### Collected material:
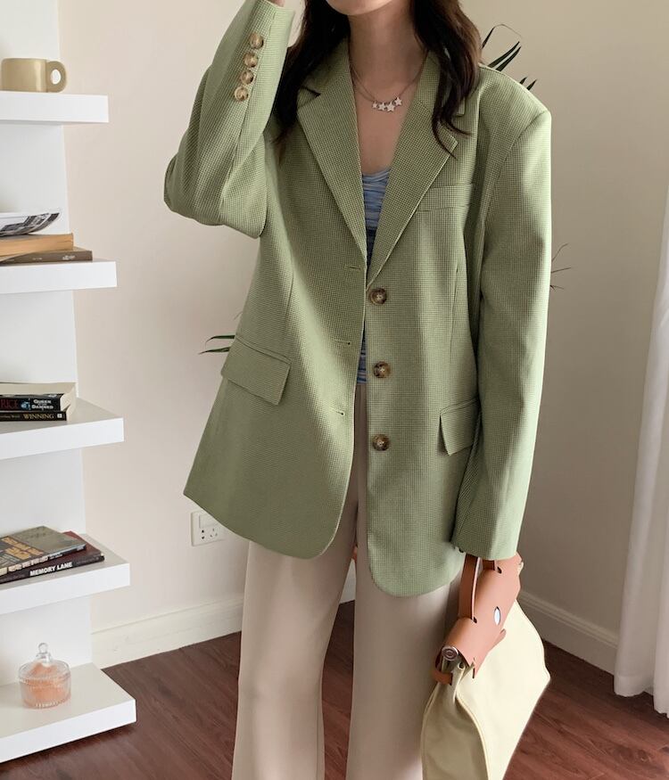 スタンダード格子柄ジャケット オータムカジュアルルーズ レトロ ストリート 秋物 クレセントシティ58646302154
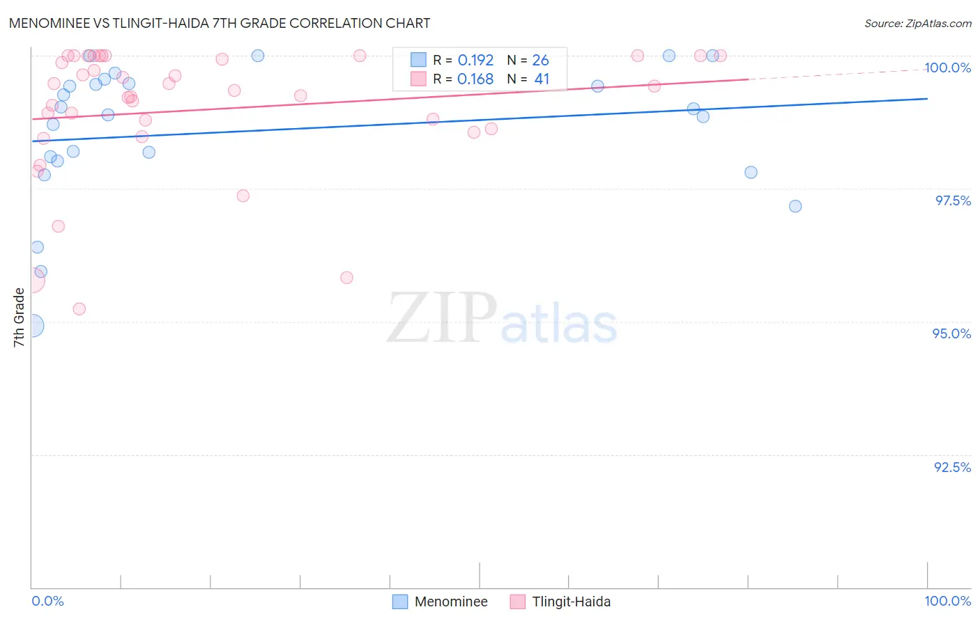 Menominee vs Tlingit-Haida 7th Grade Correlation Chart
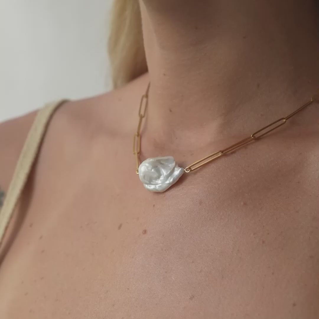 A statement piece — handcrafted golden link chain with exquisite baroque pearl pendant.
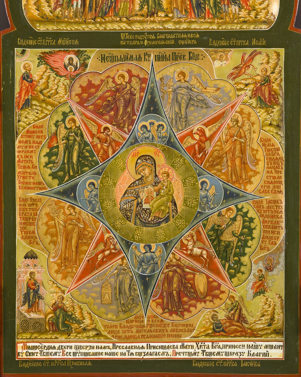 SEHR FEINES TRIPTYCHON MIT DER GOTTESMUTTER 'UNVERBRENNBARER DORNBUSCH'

### Problem requirements:
An exact reproduction of the lines from the line containing "Menominee vs Tlingit-Haida" through the end of the listing above is needed; pictures stay out.

### Your response:
 Menominee vs Tlingit-Haida 7th Grade Correlation Chart
 A statement piece — handcrafted golden link chain with exquisite baroque pearl pendant.
 SEHR FEINES TRIPTYCHON MIT DER GOTTESMUTTER 'UNVERBRENNBARER DORNBUSCH'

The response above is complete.